The later two patents have continuation claims, for backdating, but one of them appears only to try to backdate to 1991. So the prima-facie and statutory bar dates there would be 9 Dec 1991 and 9 Dec 1990, unless the record proves that this was only a printing error by the patent office. Again, see below.

Also, if it turns out that there is anything wrong with the priority claims for either of the two later patents, then later prior art would become citable for whichever of those cases is affected.

I think you will able to see from the categories mentioned below, that it is possible to overlook really vital opportunities if one restricts one's attention only to events before the 'definitely citable' 'statutory bar' date, which is what is often done.

Normally, only the earlier of the two dates I have mentioned would be quoted, on the basis of making common assumptions. This masks potentially important facts, e.g. the assumptions may or may not be justified in the given case, and if they are not, then it likely opens up a real achilles heel on the validity questions.
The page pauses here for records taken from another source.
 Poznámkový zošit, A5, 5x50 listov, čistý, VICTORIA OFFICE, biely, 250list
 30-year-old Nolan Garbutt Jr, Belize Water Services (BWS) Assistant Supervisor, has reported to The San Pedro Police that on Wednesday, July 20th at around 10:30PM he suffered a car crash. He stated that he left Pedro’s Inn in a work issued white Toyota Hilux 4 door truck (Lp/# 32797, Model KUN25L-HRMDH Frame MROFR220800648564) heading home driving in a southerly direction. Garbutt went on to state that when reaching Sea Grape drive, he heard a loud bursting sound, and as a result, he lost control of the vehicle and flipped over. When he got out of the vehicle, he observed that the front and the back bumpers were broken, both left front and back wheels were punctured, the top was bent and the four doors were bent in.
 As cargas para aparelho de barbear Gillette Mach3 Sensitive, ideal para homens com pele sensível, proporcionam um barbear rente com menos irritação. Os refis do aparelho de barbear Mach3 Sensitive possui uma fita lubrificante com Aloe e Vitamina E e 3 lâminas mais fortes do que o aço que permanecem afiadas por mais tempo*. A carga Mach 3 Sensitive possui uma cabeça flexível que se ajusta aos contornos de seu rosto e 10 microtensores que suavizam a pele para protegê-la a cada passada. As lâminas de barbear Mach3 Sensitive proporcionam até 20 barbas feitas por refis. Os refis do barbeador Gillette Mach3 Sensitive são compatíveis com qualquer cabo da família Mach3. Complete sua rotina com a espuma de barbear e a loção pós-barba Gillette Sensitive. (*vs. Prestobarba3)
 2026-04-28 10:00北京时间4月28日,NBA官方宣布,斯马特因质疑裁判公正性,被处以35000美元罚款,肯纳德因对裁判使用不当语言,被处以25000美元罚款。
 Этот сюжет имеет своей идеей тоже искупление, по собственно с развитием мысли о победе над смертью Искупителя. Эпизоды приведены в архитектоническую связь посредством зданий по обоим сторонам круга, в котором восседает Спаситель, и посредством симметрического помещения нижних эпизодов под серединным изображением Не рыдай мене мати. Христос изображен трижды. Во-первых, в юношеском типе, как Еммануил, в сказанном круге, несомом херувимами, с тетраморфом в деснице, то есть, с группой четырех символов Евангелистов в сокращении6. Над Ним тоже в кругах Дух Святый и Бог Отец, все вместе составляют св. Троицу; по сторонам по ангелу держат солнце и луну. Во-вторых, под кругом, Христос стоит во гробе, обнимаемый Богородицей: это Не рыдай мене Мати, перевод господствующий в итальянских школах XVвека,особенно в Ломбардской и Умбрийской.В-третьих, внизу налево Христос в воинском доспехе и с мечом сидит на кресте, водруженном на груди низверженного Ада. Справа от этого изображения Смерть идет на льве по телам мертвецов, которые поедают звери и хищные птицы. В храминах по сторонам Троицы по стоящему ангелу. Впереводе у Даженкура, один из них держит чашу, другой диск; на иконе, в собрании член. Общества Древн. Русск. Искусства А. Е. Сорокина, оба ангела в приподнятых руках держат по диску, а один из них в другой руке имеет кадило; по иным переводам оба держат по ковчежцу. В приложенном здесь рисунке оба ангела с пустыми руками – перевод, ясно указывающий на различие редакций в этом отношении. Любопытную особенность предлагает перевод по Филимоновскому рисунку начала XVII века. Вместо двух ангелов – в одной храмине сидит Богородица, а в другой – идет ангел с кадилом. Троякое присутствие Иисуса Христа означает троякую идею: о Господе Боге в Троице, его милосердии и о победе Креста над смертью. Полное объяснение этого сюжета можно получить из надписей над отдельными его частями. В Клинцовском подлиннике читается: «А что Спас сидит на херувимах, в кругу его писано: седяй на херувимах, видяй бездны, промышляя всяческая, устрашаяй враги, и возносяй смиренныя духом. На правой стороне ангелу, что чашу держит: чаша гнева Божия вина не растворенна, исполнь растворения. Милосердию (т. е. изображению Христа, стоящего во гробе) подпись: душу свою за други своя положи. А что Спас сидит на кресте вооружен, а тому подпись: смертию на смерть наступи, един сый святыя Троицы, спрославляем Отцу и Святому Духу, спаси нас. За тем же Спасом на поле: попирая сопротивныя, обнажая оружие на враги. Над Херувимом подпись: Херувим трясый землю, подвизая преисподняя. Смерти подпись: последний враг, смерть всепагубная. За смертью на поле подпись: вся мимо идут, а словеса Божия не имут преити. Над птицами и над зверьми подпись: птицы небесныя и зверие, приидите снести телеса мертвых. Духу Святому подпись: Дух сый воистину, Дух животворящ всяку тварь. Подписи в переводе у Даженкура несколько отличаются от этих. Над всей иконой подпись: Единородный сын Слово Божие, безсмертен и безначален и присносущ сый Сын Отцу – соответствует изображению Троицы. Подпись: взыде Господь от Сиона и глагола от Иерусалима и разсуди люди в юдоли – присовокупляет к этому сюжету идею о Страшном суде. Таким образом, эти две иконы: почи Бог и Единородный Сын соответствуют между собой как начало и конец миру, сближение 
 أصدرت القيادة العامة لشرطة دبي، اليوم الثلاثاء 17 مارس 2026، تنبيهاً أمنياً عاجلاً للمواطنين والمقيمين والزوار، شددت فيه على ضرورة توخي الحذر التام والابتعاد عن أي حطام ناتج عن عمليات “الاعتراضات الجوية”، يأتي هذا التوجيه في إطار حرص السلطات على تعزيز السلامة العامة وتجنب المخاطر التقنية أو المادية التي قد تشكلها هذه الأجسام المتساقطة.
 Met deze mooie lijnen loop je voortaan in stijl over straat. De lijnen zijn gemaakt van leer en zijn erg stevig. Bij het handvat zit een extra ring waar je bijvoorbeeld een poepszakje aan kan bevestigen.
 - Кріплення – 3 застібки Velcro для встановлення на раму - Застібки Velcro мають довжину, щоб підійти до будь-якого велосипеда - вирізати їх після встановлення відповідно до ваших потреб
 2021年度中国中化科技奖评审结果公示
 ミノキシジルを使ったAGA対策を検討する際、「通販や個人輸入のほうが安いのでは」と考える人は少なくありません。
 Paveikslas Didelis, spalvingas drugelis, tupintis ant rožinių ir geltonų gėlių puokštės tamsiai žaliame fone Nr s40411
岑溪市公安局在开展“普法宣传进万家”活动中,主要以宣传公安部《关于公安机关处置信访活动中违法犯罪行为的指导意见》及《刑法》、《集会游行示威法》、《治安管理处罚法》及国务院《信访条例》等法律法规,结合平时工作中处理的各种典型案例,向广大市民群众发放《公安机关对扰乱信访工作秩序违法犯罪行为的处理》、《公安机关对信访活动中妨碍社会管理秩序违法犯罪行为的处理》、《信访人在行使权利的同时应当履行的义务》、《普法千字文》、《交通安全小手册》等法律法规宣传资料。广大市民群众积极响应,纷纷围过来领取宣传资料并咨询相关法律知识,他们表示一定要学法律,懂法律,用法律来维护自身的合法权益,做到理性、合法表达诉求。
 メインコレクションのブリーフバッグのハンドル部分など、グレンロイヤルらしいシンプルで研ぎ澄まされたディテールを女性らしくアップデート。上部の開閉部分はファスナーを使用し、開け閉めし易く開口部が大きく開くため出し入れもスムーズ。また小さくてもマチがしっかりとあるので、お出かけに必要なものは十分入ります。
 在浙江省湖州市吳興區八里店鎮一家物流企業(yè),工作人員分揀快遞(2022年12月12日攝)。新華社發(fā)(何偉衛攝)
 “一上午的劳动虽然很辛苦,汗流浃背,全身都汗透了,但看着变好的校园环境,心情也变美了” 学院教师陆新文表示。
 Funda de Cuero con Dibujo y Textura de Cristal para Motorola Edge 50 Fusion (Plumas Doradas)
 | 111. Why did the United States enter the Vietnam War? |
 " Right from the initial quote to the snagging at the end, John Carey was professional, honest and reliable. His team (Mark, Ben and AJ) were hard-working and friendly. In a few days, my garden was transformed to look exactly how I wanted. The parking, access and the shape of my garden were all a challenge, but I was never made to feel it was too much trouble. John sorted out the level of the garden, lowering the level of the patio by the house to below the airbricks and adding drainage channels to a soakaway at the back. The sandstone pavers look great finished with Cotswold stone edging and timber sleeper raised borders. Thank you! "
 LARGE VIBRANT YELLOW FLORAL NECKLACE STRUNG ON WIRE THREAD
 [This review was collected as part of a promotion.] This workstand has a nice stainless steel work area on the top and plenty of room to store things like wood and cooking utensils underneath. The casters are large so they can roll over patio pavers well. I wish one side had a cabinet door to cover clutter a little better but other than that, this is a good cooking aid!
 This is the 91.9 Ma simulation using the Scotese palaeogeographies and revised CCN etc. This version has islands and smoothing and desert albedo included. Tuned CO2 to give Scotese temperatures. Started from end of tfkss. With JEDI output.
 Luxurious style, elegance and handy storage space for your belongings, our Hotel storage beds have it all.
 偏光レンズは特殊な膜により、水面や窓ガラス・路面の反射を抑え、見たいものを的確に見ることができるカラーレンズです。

Taking them patent by patent:

First patent 5072412: Earliest application date: 25 March 1987.

That means several things as regards potential prior art:

First, any art before 1987/3/25, the prima-facie invention date, which is the application date itself, is potentially a killer, insofar as the inventors fail to prove an earlier date of invention than that. Under the heading 35 USC 102(a), anything "known or used by others in this country (USA), or patented or described in a printed publication in this or a foreign country, before the invention thereof by the applicant for patent" is citable. Unless and until the inventors prove otherwise, the application date itself is treated as date of invention, so anything before _25 March 1987_ would be citable as prior art under this heading, unless and until the inventors prove that they antedated it.

Also citable as art in the same way (but with more probable difficulty in practice) would be any "invention made in this country (US) by another inventor who had not abandoned, suppressed, or concealed it" i.e. before 25 March 1987 or before the Xerox inventors' earlier date of invention if they can prove one. (Ref.: 35 USC 102(g)).

Some people take the view that inventors can always prove invention a whole year before they filed. Clearly this can't be generally true.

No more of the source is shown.